#### [Dataset extract]
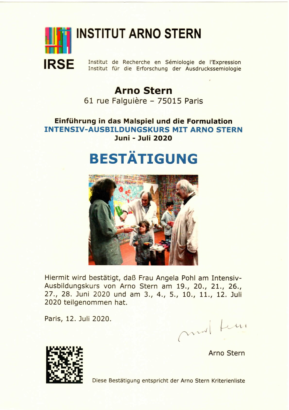 Im Sommer 2020 konnte ich schließlich das Ausbildungs-Seminar zur MALORT-Dienenden bei Arno Stern absolvieren und bin sehr glücklich darüber, nun im eigens dafür eingerichteten MALORT in Mank dieses Spiel erlebbar machen zu können.
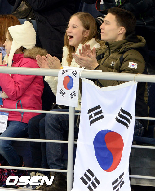 11일(한국시간) 러시아 소치 아이스큐브 컬링 센터에서 열린 여자컬링 예선전 한국과 일본의 경기, 외국인이 한국 태극기를 걸고 열띤 응원을 펼치고 있다.
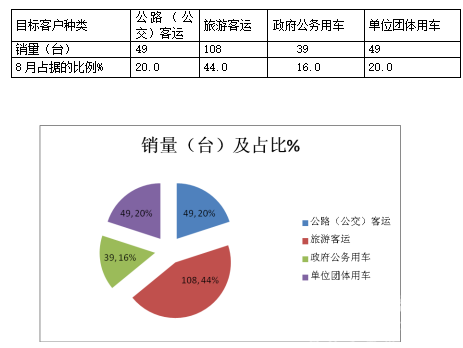 2087年8月份,国产品牌中最大销量的小金龙考斯特,主要细分市场用于旅游客运领域,其次是公路(公交)客运领域,再次是单位团体客车领域,政府公务用车领域为最少,主要原因是三公费用得到了限制,公款旅游市场受到了制约。
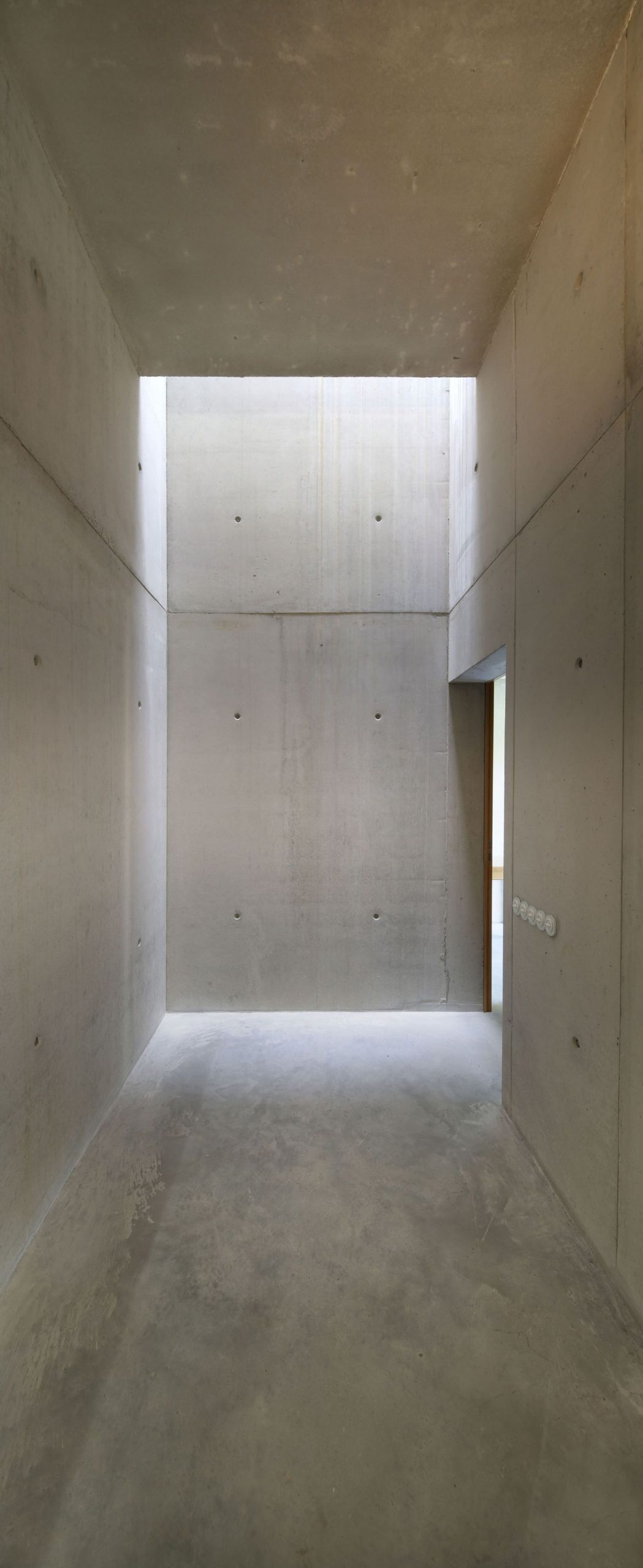 Tehnologija izrade vidljivog, sirovog betona određuje sliku enterijera, te su jedini „dekor“ u prostoru vidljivi tragovi oplate.

#### [Instructions to follow]
Up to and including the last line of the listing, starting at the line with "2087年8月份,国产品牌中", extract every line exactly and leave out the pictures.

#### [Exercise response]
 2087年8月份,国产品牌中最大销量的小金龙考斯特,主要细分市场用于旅游客运领域,其次是公路(公交)客运领域,再次是单位团体客车领域,政府公务用车领域为最少,主要原因是三公费用得到了限制,公款旅游市场受到了制约。
 Tehnologija izrade vidljivog, sirovog betona određuje sliku enterijera, te su jedini „dekor“ u prostoru vidljivi tragovi oplate.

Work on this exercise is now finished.